Created attachment 327853 [details] /var/log/message with "echo [wtm] >/proc/sysrq-trigger" while hanging
Is this reproducible when you use a different machine for client and server? Having a server be a client of itself is a known problematic configuration. It's fine for testing when it works, but it won't always. When you have problems with such a setup, it's important to reproduce it with separate client and server.
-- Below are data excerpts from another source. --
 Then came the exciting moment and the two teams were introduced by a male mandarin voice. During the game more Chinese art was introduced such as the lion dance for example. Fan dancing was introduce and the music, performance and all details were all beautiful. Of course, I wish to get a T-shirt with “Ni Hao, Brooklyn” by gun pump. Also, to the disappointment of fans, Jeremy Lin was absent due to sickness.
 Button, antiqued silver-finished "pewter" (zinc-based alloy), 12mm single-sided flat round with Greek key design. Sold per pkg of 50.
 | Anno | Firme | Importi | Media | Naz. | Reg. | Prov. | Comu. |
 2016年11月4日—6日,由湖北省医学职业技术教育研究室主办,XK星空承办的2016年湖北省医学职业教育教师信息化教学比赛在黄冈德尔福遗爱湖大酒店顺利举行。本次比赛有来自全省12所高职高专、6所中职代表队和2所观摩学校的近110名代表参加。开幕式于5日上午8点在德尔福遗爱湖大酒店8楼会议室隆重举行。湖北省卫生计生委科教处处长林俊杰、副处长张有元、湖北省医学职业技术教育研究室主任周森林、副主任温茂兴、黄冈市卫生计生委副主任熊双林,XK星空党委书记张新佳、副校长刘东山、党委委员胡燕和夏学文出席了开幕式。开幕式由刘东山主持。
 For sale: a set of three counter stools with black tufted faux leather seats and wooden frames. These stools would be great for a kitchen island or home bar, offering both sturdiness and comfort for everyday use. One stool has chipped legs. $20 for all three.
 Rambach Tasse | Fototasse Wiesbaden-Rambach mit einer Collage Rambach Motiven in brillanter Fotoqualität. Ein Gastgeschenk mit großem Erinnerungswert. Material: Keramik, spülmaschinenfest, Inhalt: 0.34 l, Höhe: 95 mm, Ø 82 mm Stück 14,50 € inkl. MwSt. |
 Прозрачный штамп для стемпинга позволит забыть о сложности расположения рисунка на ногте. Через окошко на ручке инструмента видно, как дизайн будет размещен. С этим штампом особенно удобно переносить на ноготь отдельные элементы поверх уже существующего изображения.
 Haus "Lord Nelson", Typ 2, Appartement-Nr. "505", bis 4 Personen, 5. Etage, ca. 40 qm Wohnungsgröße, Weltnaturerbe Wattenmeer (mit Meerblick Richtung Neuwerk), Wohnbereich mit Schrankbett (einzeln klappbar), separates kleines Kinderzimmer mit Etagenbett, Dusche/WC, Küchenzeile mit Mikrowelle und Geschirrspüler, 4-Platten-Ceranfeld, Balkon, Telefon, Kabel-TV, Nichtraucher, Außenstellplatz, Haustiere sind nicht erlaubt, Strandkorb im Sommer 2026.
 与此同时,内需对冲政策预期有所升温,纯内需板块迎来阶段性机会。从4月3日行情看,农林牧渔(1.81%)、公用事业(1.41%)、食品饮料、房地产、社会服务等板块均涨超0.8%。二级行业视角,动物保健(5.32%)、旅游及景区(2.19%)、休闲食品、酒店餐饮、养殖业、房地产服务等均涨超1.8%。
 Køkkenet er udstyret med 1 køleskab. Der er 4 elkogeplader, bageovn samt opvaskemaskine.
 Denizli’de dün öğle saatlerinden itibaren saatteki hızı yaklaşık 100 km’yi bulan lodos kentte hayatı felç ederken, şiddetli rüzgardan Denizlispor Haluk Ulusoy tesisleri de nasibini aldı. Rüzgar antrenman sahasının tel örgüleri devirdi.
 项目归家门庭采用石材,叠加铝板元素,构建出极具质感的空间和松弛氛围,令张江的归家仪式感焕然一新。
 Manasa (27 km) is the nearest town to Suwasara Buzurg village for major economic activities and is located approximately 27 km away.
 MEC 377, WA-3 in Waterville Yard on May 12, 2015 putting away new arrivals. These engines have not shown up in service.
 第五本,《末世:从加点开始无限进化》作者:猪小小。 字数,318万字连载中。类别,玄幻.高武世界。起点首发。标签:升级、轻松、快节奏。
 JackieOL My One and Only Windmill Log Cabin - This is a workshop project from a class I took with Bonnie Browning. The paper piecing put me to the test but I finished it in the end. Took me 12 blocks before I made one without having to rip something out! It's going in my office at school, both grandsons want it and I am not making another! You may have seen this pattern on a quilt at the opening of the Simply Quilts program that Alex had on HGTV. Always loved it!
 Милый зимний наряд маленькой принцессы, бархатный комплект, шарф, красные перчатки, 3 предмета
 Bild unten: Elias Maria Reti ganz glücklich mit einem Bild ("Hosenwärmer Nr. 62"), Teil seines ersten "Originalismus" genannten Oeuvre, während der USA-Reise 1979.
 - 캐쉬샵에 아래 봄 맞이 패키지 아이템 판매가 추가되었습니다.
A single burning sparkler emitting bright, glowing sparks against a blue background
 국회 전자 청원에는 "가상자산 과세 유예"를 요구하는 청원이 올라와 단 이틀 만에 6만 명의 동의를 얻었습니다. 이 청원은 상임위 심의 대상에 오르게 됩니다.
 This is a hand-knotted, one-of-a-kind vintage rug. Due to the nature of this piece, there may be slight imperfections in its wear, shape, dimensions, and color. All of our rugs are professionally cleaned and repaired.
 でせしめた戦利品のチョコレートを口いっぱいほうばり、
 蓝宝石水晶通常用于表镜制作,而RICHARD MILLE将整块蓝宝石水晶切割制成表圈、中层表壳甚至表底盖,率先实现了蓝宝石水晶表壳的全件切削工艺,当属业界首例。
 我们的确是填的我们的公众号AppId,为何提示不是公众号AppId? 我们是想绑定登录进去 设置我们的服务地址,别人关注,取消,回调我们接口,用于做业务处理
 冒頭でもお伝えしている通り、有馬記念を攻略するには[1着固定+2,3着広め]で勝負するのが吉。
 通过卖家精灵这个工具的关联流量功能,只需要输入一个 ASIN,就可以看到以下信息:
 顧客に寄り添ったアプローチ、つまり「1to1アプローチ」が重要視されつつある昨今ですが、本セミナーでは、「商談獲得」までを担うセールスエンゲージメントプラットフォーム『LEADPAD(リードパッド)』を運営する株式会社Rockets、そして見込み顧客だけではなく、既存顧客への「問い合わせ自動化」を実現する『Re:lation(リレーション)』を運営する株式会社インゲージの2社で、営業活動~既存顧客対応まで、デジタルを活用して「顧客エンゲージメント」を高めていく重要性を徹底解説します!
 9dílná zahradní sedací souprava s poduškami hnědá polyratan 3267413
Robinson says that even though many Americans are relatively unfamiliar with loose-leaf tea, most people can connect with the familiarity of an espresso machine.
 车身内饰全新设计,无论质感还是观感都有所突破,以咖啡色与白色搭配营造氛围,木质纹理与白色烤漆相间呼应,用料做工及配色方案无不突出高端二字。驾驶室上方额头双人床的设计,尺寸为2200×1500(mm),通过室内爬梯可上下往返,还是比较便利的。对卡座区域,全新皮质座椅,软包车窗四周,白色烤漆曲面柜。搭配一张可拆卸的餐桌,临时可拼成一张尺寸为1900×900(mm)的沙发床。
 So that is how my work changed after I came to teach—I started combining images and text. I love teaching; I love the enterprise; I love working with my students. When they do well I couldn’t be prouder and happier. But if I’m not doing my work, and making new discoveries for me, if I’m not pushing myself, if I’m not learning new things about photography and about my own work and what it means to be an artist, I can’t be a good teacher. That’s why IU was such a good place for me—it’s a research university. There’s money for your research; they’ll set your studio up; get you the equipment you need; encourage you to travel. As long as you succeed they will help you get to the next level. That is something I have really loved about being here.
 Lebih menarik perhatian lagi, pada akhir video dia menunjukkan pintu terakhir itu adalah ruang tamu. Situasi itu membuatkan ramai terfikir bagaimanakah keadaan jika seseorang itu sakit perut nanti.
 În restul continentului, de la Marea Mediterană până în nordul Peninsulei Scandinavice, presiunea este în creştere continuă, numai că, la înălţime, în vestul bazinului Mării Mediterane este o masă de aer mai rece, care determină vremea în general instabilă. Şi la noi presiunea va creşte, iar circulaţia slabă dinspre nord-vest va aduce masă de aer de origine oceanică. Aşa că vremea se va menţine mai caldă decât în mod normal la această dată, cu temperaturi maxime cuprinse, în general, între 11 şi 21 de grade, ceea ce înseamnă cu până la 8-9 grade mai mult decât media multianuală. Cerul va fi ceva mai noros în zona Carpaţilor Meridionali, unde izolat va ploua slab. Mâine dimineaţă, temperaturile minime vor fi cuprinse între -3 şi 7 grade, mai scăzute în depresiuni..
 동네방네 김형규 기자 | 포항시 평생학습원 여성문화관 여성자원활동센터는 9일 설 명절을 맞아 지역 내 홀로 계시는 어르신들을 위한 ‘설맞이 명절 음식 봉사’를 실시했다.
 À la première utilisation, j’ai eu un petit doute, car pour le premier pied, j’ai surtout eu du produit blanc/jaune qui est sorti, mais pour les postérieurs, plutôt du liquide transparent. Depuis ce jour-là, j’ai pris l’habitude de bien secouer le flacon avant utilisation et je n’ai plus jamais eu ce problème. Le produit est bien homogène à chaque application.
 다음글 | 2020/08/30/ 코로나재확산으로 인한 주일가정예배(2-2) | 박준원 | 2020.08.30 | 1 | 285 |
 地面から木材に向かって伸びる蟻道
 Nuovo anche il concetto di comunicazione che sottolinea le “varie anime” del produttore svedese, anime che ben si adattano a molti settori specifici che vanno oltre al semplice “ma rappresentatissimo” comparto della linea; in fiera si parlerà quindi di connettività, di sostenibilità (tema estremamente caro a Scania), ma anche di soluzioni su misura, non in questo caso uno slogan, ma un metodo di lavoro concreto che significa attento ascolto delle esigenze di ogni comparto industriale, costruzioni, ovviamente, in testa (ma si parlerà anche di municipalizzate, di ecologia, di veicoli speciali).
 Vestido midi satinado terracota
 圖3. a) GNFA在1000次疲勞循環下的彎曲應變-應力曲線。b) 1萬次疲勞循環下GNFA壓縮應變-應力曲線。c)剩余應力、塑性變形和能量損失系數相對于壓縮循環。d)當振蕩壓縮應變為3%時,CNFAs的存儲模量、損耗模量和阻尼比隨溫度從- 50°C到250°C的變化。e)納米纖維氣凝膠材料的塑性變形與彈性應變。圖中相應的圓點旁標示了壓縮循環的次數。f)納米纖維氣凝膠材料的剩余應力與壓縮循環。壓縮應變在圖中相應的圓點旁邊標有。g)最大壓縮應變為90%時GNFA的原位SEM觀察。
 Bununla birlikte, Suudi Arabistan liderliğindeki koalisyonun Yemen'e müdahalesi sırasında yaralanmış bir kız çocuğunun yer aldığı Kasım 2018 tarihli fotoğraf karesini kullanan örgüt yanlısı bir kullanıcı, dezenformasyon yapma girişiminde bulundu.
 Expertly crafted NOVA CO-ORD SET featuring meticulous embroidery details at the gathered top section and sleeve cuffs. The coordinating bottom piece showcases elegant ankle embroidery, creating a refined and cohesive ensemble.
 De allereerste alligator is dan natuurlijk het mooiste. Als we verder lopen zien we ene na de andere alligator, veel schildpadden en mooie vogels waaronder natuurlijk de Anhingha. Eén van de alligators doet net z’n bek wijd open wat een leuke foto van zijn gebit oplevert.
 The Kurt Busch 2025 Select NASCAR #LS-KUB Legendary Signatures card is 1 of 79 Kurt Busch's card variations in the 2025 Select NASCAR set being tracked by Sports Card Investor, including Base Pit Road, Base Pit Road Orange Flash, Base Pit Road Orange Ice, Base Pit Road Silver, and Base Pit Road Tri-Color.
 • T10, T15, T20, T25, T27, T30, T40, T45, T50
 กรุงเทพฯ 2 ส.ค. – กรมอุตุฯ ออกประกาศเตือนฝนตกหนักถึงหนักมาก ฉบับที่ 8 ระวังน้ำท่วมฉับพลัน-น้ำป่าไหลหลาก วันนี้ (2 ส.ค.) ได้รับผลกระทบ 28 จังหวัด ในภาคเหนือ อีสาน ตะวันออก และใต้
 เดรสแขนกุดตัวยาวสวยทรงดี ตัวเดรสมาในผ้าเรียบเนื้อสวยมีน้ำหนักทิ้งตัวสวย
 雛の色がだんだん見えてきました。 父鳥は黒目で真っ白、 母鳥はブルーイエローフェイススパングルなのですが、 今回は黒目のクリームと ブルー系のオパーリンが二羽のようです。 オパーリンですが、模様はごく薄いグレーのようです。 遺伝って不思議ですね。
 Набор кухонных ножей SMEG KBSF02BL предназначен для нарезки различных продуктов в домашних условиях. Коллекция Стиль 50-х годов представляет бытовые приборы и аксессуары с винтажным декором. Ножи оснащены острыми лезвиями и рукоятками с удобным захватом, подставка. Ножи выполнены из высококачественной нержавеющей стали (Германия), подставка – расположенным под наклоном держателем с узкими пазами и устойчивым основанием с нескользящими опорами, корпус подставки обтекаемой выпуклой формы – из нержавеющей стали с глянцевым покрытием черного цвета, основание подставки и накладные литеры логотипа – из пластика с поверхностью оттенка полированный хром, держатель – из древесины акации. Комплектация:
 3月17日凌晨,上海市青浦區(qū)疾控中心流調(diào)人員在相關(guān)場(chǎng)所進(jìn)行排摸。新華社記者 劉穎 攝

Yes, it is the same behaviour when using different machines for client and server. Server side: # mkdir /tmp/export # date >/tmp/export/mydate # echo '/tmp/export *(rw,sync,no_root_squash)' >/etc/exports # service nfs restart Shutting down RPC svcgssd: [FAILED] Shutting down NFS mountd: [FAILED] Shutting down NFS daemon: [FAILED] Shutting down NFS quotas: [FAILED] Shutting down NFS services: [FAILED] Starting NFS services: [ OK ] Starting NFS quotas: [ OK ] Starting NFS daemon: [ OK ] Starting NFS mountd: [ OK ] Client side: # mkdir /tmp/import # mount z209.z900.redhat.com:/tmp/export /tmp/import # ls -al /tmp/import/mydate -rw-r--r-- 1 root root 29 Dec 28 23:10 /tmp/import/mydate # cat /tmp/import/mydate Sun Dec 28 23:10:28 EST 2008 Server side: # service nfs stop Shutting down RPC svcgssd: [FAILED] Shutting down NFS mountd: [ OK ] Shutting down NFS daemon: [ OK ] Shutting down NFS quotas: [ OK ] Shutting down NFS services: [ OK ] Client side: # cat /tmp/import/mydate <hang...>
Wait...I misread the reproducer before. This is expected behavior. You're shutting down the server and then doing some activity on the mount. The syscall should hang indefinitely at that point since this is a hard mount. You said: * I cannot reproduce this other than IA-32 UP kernels. What happens on other machines here? (SMP or other arch)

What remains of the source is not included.